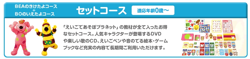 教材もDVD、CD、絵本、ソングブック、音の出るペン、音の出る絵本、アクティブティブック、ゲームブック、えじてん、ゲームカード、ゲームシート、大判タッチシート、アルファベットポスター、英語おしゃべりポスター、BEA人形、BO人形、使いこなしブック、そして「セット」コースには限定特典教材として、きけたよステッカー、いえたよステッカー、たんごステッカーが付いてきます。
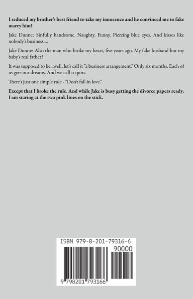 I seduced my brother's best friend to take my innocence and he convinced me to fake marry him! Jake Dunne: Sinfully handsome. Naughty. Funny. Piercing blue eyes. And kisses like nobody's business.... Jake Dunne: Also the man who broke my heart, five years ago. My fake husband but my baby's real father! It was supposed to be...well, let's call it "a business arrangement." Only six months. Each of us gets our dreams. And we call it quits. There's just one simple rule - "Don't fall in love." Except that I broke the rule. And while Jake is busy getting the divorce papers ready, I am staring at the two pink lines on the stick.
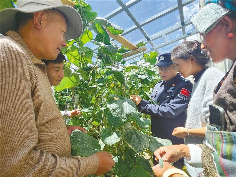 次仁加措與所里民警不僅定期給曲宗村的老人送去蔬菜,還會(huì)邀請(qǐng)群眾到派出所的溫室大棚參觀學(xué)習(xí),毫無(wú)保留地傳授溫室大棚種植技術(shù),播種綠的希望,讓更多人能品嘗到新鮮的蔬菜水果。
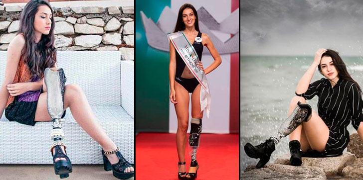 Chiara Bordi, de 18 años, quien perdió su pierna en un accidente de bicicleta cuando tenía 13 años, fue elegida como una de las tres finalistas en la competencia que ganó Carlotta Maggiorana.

...

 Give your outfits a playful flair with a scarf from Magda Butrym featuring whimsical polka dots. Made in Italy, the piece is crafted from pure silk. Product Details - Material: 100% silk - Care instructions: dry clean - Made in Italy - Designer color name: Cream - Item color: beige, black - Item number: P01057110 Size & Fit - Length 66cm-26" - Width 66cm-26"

■ **Task brief**: Above are records; write out the lines from the one with "次仁加措與所里民警不僅定期給" down to the one with "Chiara Bordi, de", exactly, leaving the pictures out.

■ **Worked solution**:
 次仁加措與所里民警不僅定期給曲宗村的老人送去蔬菜,還會(huì)邀請(qǐng)群眾到派出所的溫室大棚參觀學(xué)習(xí),毫無(wú)保留地傳授溫室大棚種植技術(shù),播種綠的希望,讓更多人能品嘗到新鮮的蔬菜水果。
 Chiara Bordi, de 18 años, quien perdió su pierna en un accidente de bicicleta cuando tenía 13 años, fue elegida como una de las tres finalistas en la competencia que ganó Carlotta Maggiorana.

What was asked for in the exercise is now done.